I, a fundraiser like your development director, didn’t want to ask for help when I needed it.
And it could have helped our organization so much more, if I had.
This unwillingness to ask for help also stems from the way nonprofits punish us mercilessly if we make mistakes. Even small mistakes.
We only want to come to our boss with good news. Or with the money. We don’t want to be seen “taking risks” because when we do, we have the potential to fail.
We need to, as a sector, encourage people to lean on each other, ask for help, and take risks. Bigger and bigger risks, which will lead to bigger and bigger rewards. They will also help us learn to understand our major donors better.
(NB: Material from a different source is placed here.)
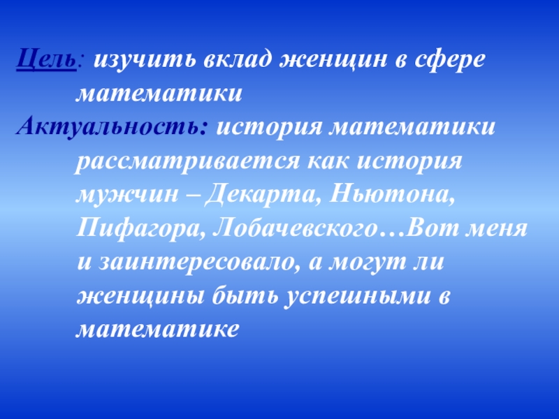 история мужчин – Декарта, Ньютона, Пифагора, Лобачевского…Вот меня и заинтересовало, а могут ли женщины быть успешными в математике

Good luck with KBOO, it’s the only station worth listening to in Portland. Where I live now, in Austin, still has a thriving independent radio scene, comparatively. You should check out our KOOP radio sometime!
Mazarine
http://wildwomanfundraising.com
BY Allan Shore
ON November 4, 2010 05:47 PM
So funny and inspiring to read this! Not that I don’t know it’s true, but more that I connected it to the issue of how to use technology. I get a lot of push-back when I try to suggest how the use of “click-a-send” political advocacy technology says something about what traditional (often faith-based) advocacy agencies need to learn EVEN if they are going to stick with their person-to-person advocacy. People think there is no educational substance in non-personal connectivity, and talking with funders or investors causes more concerns. Getting beyond this is a big, big, big problem that we have to deal with. Appreciate the lessons learned.